Task description
Taking the entries below, transcribe only the lines starting with the one with "بدنه این پمپ" and going on through the one with "ISIS tortures, executes", exactly as written, without the pictures.

The data
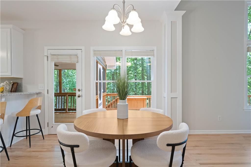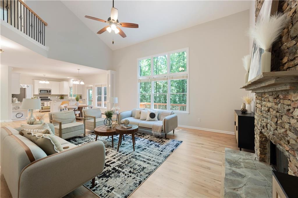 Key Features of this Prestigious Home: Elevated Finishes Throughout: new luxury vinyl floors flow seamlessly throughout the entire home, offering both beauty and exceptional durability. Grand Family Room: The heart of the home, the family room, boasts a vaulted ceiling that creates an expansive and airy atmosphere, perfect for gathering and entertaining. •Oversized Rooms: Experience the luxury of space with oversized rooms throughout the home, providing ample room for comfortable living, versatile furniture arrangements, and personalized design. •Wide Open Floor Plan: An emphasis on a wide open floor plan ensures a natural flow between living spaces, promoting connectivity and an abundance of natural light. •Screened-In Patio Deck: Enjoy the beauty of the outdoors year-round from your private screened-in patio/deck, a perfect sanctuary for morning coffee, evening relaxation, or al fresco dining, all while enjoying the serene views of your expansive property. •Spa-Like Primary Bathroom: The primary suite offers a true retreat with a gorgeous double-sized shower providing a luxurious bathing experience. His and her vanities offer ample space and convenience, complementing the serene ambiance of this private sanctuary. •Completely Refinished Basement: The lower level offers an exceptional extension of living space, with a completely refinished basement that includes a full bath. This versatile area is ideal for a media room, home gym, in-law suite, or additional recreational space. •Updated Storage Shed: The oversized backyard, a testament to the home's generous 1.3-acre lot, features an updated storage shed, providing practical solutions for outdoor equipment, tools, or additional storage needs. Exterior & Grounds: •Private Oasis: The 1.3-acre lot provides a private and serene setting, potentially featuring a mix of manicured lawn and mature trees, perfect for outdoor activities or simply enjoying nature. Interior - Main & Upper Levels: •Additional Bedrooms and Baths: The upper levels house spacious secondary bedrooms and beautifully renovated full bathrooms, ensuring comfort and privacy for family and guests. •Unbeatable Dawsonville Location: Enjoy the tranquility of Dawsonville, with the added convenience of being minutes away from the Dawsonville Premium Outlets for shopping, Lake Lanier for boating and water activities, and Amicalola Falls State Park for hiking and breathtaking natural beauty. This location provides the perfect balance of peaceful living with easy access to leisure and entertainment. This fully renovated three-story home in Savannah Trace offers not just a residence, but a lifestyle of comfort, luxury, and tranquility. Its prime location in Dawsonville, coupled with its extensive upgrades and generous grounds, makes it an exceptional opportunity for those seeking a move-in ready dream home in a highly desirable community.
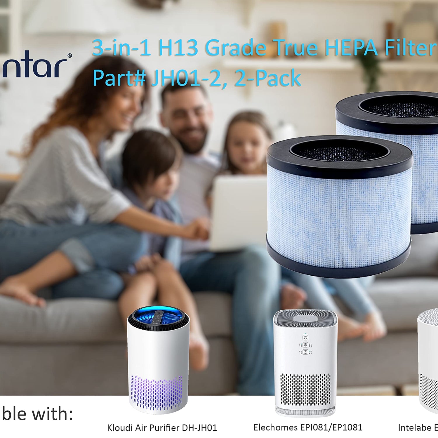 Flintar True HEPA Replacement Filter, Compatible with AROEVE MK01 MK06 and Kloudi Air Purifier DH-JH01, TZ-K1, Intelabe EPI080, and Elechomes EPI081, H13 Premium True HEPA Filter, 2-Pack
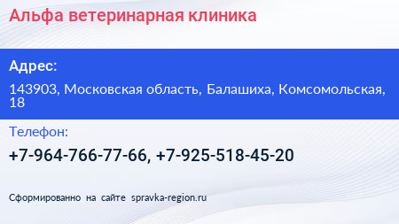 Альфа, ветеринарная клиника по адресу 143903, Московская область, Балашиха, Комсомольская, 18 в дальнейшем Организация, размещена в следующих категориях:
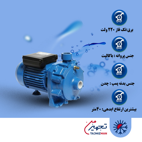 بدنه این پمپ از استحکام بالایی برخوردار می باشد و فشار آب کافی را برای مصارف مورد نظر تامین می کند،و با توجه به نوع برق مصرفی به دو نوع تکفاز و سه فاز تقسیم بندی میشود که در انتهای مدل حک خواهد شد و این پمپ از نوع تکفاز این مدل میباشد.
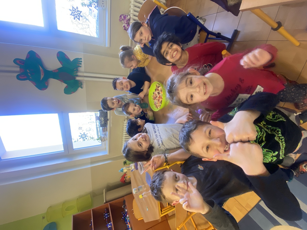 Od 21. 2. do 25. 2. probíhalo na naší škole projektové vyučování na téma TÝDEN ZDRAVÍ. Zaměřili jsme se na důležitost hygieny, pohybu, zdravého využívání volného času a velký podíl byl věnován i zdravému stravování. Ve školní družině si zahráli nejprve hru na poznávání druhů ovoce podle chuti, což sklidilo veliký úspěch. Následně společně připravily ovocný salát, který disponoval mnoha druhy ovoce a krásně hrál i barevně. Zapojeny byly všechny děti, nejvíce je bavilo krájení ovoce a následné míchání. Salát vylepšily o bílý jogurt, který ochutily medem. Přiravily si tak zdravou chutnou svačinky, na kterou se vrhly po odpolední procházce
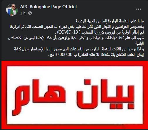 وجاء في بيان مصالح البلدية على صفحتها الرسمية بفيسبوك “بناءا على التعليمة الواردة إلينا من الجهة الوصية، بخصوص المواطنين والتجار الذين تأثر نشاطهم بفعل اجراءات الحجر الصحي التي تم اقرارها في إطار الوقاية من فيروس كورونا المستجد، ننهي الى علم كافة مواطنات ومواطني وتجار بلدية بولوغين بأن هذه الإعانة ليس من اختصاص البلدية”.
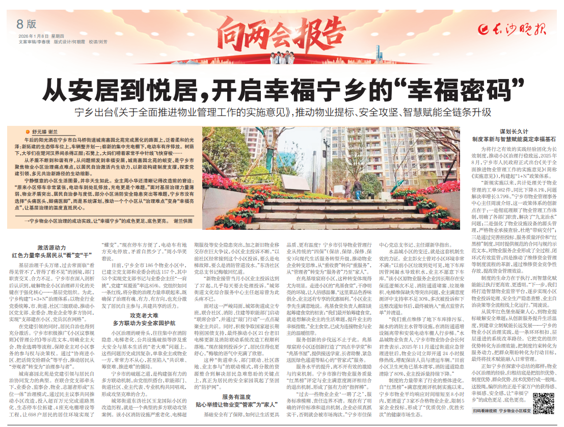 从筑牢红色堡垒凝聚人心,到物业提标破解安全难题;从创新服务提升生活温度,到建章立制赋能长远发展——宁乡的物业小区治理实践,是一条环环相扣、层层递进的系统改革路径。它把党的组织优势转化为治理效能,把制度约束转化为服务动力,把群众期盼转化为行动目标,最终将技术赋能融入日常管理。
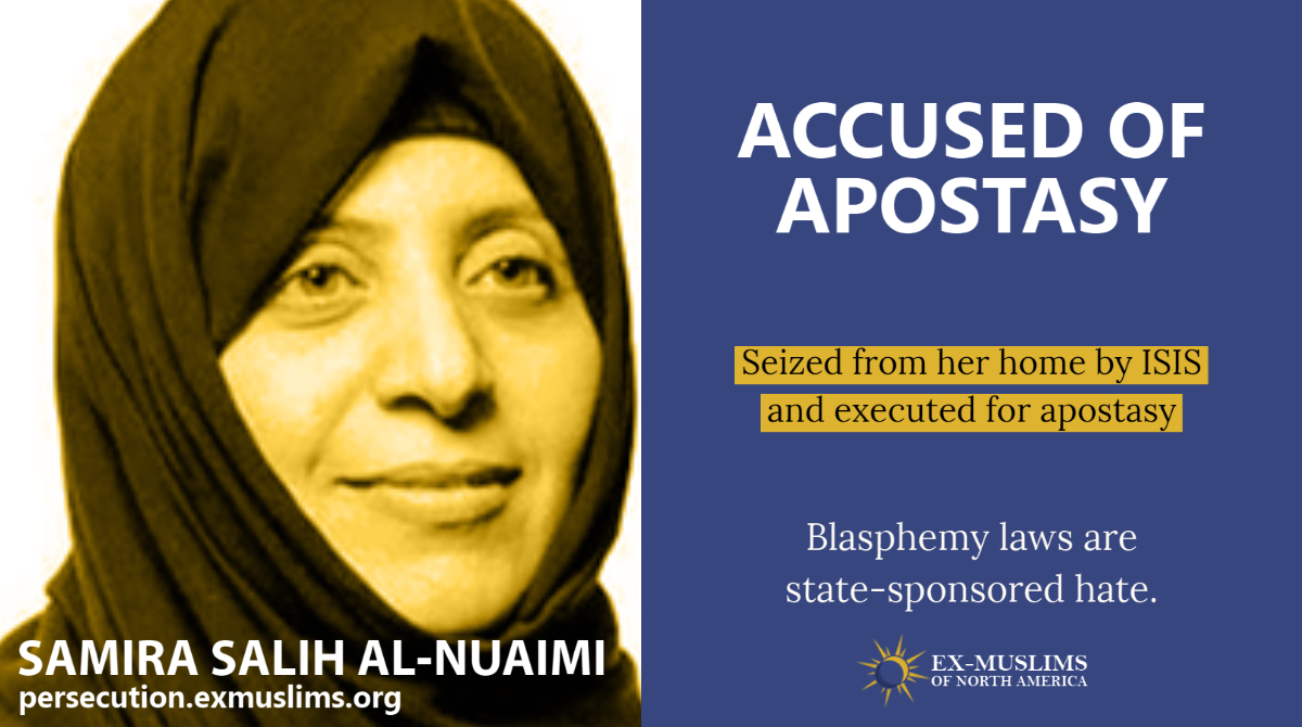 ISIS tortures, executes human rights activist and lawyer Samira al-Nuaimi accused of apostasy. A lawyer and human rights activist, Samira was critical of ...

...

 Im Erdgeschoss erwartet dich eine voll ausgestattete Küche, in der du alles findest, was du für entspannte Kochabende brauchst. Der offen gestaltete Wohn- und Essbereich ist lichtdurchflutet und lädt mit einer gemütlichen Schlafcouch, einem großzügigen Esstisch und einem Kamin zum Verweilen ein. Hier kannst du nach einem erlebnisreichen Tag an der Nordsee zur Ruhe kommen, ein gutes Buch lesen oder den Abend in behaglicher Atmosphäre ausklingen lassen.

Task answer
 بدنه این پمپ از استحکام بالایی برخوردار می باشد و فشار آب کافی را برای مصارف مورد نظر تامین می کند،و با توجه به نوع برق مصرفی به دو نوع تکفاز و سه فاز تقسیم بندی میشود که در انتهای مدل حک خواهد شد و این پمپ از نوع تکفاز این مدل میباشد.
 Od 21. 2. do 25. 2. probíhalo na naší škole projektové vyučování na téma TÝDEN ZDRAVÍ. Zaměřili jsme se na důležitost hygieny, pohybu, zdravého využívání volného času a velký podíl byl věnován i zdravému stravování. Ve školní družině si zahráli nejprve hru na poznávání druhů ovoce podle chuti, což sklidilo veliký úspěch. Následně společně připravily ovocný salát, který disponoval mnoha druhy ovoce a krásně hrál i barevně. Zapojeny byly všechny děti, nejvíce je bavilo krájení ovoce a následné míchání. Salát vylepšily o bílý jogurt, který ochutily medem. Přiravily si tak zdravou chutnou svačinky, na kterou se vrhly po odpolední procházce
 وجاء في بيان مصالح البلدية على صفحتها الرسمية بفيسبوك “بناءا على التعليمة الواردة إلينا من الجهة الوصية، بخصوص المواطنين والتجار الذين تأثر نشاطهم بفعل اجراءات الحجر الصحي التي تم اقرارها في إطار الوقاية من فيروس كورونا المستجد، ننهي الى علم كافة مواطنات ومواطني وتجار بلدية بولوغين بأن هذه الإعانة ليس من اختصاص البلدية”.
 从筑牢红色堡垒凝聚人心,到物业提标破解安全难题;从创新服务提升生活温度,到建章立制赋能长远发展——宁乡的物业小区治理实践,是一条环环相扣、层层递进的系统改革路径。它把党的组织优势转化为治理效能,把制度约束转化为服务动力,把群众期盼转化为行动目标,最终将技术赋能融入日常管理。
 ISIS tortures, executes human rights activist and lawyer Samira al-Nuaimi accused of apostasy. A lawyer and human rights activist, Samira was critical of ...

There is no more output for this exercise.